◆ **Work to complete**:
Each time a line of the listing holds "Display", copy that line.
── Provided records
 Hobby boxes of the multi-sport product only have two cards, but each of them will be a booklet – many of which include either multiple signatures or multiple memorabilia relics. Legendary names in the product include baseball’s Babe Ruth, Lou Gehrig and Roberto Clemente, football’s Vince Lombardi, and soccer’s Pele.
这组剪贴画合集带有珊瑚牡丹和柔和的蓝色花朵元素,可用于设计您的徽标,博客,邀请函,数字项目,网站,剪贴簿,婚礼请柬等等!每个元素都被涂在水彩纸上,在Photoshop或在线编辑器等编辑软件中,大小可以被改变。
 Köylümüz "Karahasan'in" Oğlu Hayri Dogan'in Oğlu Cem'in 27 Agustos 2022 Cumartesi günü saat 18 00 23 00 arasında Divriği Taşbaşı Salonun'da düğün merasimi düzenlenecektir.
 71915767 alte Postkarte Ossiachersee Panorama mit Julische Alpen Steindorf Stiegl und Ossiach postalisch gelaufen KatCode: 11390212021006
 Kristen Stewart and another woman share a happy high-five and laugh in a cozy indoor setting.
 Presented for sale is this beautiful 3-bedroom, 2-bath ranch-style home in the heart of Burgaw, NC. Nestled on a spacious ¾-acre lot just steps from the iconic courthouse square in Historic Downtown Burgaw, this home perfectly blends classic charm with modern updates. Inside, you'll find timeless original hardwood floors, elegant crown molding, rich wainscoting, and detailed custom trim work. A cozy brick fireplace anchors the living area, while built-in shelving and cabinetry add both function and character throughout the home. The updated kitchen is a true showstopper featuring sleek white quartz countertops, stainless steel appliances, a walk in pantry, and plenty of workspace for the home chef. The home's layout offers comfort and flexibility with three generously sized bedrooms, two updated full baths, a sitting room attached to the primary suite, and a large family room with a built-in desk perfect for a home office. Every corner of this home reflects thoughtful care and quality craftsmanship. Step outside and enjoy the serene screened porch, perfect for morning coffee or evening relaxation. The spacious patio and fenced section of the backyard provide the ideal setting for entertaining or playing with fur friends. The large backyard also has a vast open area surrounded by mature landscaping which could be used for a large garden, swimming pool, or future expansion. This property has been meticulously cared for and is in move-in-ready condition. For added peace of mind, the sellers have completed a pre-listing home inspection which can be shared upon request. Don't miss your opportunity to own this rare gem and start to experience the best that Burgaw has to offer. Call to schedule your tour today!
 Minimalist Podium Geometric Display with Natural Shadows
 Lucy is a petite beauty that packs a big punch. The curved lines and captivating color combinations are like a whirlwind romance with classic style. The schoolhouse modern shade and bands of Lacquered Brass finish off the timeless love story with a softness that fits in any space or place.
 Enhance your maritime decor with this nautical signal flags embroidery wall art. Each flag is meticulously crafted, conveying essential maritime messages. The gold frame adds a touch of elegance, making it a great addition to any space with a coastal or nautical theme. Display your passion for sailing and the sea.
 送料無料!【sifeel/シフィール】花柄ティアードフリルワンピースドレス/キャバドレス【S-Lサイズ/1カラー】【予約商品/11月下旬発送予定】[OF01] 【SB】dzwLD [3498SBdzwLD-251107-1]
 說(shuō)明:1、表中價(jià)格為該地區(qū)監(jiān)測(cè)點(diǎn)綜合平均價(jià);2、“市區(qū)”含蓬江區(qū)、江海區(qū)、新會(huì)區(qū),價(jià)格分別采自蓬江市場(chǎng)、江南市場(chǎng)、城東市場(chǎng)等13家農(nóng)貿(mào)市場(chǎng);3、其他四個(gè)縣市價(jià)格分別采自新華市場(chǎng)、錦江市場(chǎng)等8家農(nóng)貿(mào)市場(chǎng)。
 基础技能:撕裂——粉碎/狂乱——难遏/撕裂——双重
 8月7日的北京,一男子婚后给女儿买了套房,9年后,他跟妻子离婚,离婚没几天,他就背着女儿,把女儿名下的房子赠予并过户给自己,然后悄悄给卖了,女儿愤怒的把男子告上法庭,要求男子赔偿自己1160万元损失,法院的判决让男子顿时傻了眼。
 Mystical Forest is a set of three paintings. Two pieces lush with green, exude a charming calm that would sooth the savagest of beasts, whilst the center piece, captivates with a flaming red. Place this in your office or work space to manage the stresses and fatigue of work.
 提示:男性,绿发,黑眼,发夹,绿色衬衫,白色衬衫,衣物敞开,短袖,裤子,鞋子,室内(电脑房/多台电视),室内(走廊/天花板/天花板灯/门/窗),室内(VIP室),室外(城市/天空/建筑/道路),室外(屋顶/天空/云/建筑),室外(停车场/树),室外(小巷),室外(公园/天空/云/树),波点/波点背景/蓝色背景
────
── Provided records
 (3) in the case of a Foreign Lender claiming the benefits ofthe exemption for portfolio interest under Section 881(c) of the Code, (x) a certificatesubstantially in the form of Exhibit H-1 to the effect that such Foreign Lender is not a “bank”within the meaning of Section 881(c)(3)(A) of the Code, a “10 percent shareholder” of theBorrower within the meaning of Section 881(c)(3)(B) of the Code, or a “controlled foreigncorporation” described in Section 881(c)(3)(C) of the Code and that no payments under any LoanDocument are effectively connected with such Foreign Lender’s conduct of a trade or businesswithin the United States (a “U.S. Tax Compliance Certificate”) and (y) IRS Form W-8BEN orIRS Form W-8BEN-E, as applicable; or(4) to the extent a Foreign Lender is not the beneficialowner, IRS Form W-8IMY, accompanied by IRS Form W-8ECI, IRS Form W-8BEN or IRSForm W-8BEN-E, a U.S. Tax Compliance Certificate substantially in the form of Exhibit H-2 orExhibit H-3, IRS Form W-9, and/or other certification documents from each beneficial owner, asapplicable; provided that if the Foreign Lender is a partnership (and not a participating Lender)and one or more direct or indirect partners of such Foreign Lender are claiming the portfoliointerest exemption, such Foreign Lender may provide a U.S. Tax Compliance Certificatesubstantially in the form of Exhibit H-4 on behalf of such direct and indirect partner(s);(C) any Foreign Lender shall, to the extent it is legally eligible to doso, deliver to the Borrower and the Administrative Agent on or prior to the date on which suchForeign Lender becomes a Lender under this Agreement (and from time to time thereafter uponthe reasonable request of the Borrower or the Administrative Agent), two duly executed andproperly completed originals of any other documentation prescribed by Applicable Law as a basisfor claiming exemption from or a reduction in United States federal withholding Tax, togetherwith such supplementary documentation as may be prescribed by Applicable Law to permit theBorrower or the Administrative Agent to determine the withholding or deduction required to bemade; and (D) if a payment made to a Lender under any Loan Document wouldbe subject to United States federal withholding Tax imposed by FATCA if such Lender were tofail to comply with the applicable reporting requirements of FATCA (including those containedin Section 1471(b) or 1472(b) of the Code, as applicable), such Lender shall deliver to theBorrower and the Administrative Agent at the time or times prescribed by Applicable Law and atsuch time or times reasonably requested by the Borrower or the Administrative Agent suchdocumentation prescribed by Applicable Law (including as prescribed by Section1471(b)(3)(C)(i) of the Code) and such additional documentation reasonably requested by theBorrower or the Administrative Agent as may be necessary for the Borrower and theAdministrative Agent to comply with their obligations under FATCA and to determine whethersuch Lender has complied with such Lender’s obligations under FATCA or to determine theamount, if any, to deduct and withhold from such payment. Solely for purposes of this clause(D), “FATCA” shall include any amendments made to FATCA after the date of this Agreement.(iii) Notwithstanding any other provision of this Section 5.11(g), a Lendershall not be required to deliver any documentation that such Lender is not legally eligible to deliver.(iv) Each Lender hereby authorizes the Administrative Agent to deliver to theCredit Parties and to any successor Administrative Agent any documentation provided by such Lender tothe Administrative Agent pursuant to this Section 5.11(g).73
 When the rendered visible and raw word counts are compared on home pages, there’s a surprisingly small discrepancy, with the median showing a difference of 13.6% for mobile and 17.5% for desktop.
────
── Provided records
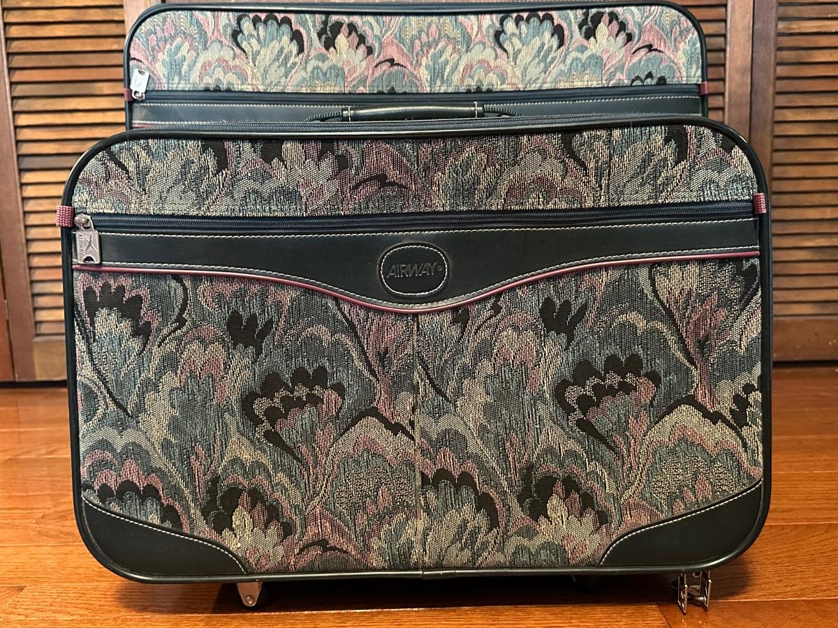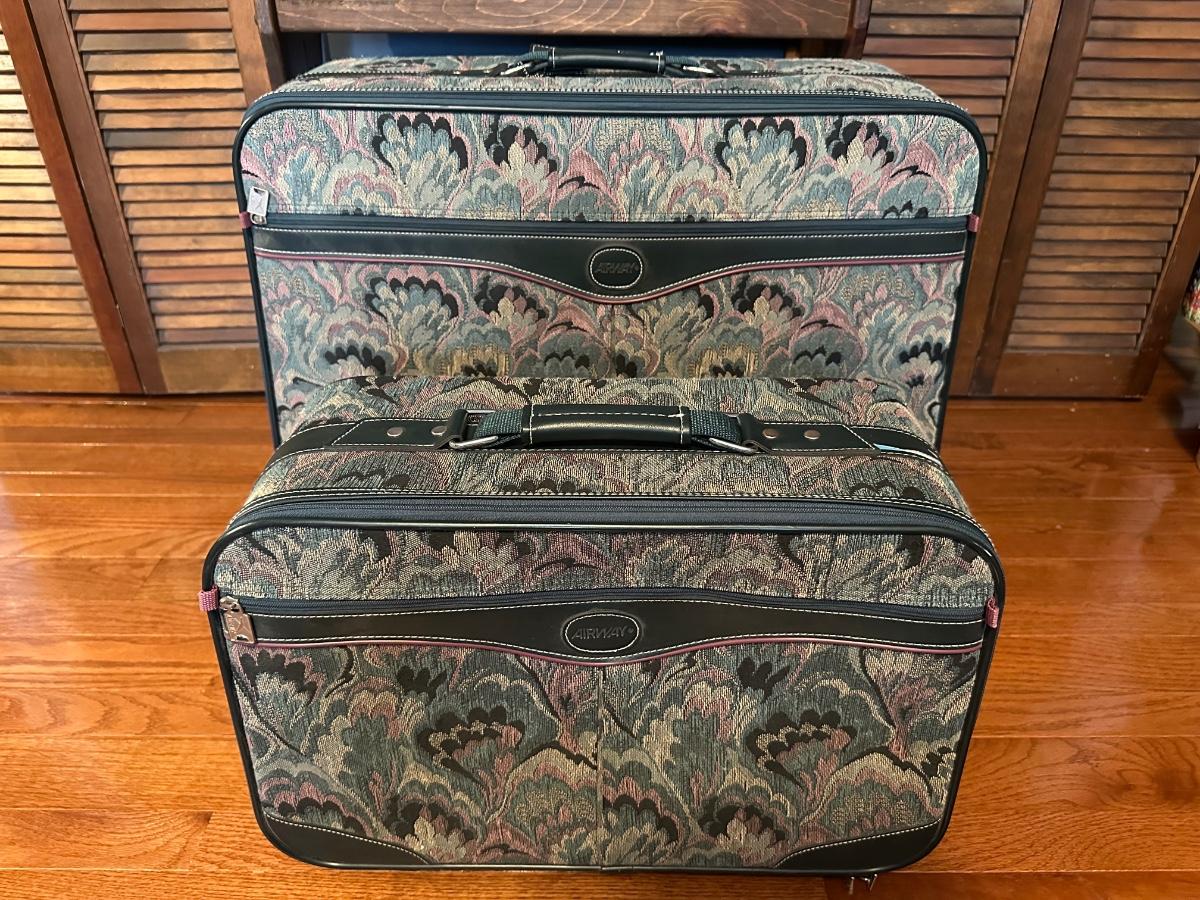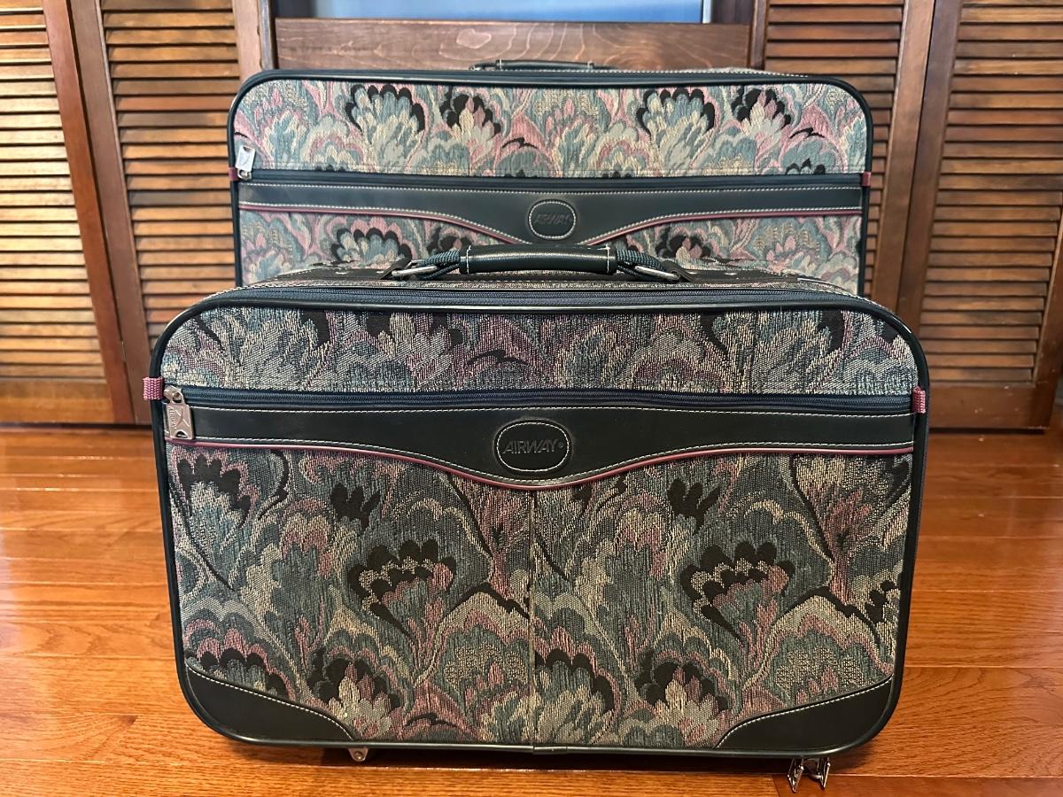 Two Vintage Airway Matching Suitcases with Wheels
────
◆ **Answer section**:
 Minimalist Podium Geometric Display with Natural Shadows
 Enhance your maritime decor with this nautical signal flags embroidery wall art. Each flag is meticulously crafted, conveying essential maritime messages. The gold frame adds a touch of elegance, making it a great addition to any space with a coastal or nautical theme. Display your passion for sailing and the sea.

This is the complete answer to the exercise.